Journal List > Tuberc Respir Dis > v.78(3) > 1002031

Kim, Kim, Yoon, Hong, Park, and Ock: A Case of Statin-Induced Interstitial Pneumonitis due to Rosuvastatin

Abstract

Statins lower the hyperlipidemia and reduce the incidence of cardiovascular events and related mortality. A 60-year-old man who was diagnosed with a transient ischemic attack was started on acetyl-L-carnitine, cilostazol, and rosuvastatin. After rosuvastatin treatment for 4 weeks, the patient presented with sudden onset fever, cough, and dyspnea. His symptoms were aggravated despite empirical antibiotic treatment. All infectious pathogens were excluded based on results of culture and polymerase chain reaction of the bronchoscopic wash specimens. Chest radiography showed diffuse ground-glass opacities in both lungs, along with several subpleural ground-glass opacity nodules; and a foamy alveolar macrophage appearance was confirmed on bronchoalveolar lavage. We suspected rosuvastatin-induced lung injury, discontinued rosuvastatin and initiated prednisolone 1 mg/kg tapered over 2weeks. After initiating steroid therapy, his symptoms and radiologic findings significantly improved.
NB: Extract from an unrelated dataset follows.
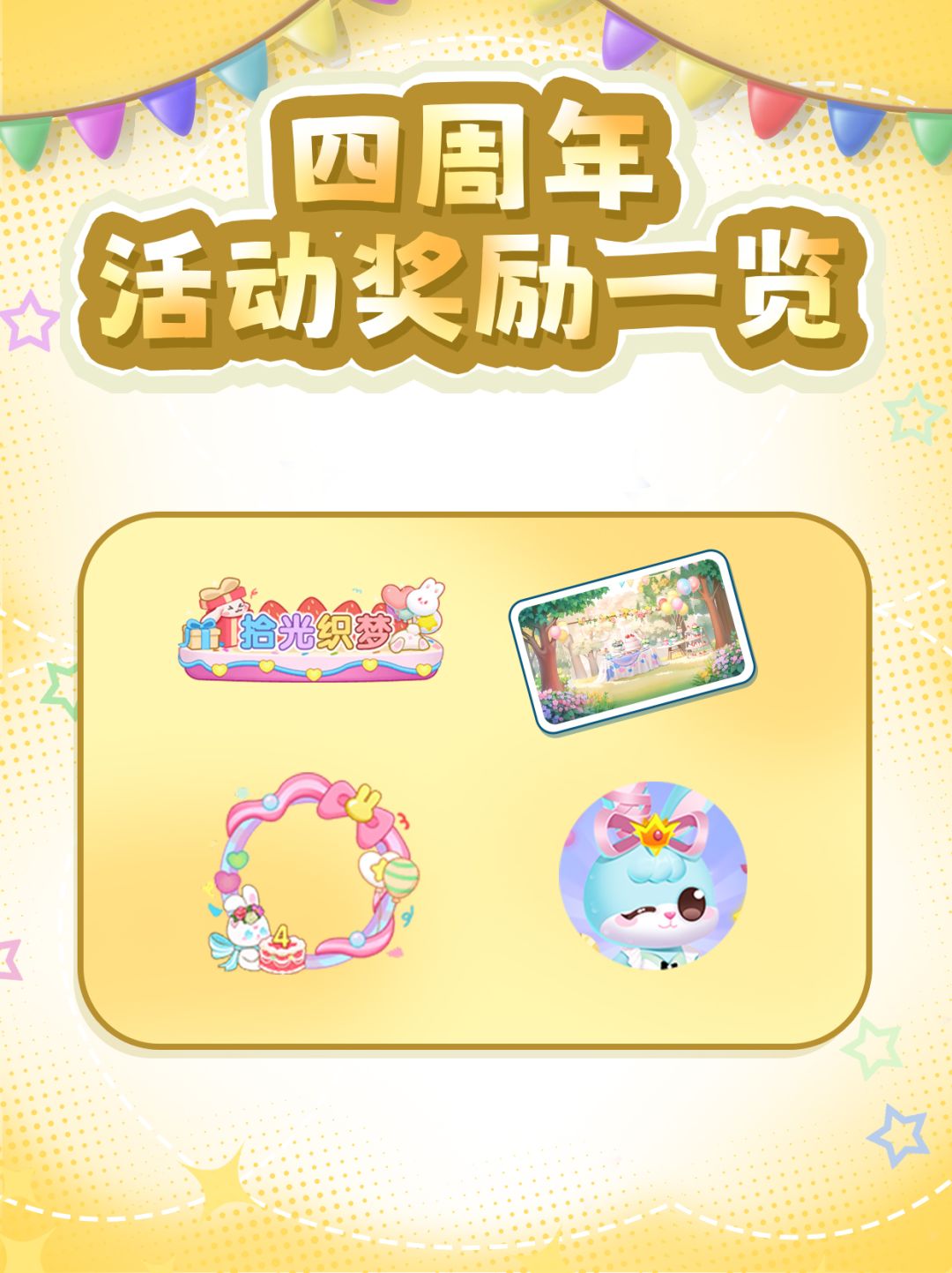 四周年活动预计将于7月份中旬开启,这就给您先爆料一下!😆实物周边等泡泡下期揭晓~

We suggest that clinicians should be aware of the potential for rosuvastatin-induced lung injury.

Introduction

Statins, hydroxymethylglutaryl CoA reductase inhibitors, are known to lower the plasma low-density lipoprotein (LDL) cholesterol level and reduce the incidence of cardiovascular events and mortality12. Currently available statins include lovastatin, pravastatin, simvastatin, fluvastatin, atorvastatin, rosuvastatin, and pitavastatin. Statins have a low frequency of side effects including hepatotoxicity, myotoxicity, and proteinuria23. However, adverse reactions involving the respiratory system are uncommon. Several cases of statin-induced pulmonary toxicity have been reported456. Regarding statins, most cases were associated with simvastatin, fluvastatin, and atorvastatin. Interstitial lung disease secondary to rosuvastatin is rare78. In addition, rosuvastatin-induced interstitial lung disease has not been reported in Korea. Herein, we will present a patient who was diagnosed with drug-induced interstitial lung disease (DILD) secondary to rosuvastatin.

Case Report

A 60-year-old man who never smoker was a professor of humanities and had no experiences of exposure to noxious materials. He has not traveled or moved anywhere in recent years. He had been diagnosed with acute hypersensitivity pneumonitis 18 months previously and was treated with a steroid therapy for 6 weeks. Cause of hypersensitivity pneumonitis had been confirmed as being fungus derived from old wallpapers at the time. After the cause removed, it had not recurred over 2 years. He had also been administered metformin 500 mg daily for 16 months for diabetes mellitus. For a transient ischemic attack secondary to vertebral artery stenosis, he was hospitalized and started on acetyl-L-carnitine, cilostazol, and rosuvastatin according to the following schedule: acetyl-L-carnitine, 500 mg, once daily for 48 days prior to this hospitalization; cilostazol, 100 mg, twice daily; and rosuvastatin, 5 mg, once daily for 27 days prior to this hospitalization. While continuing those medications, he developed a fever and cough 3 days prior to this hospital visit. Although he was prescribed an antibiotic (Augmentin) for 3 days at a local clinic, his dyspnea, cough, and fever gradually increased. He was referred to our hospital for proper evaluation and management. He had no known drug allergies.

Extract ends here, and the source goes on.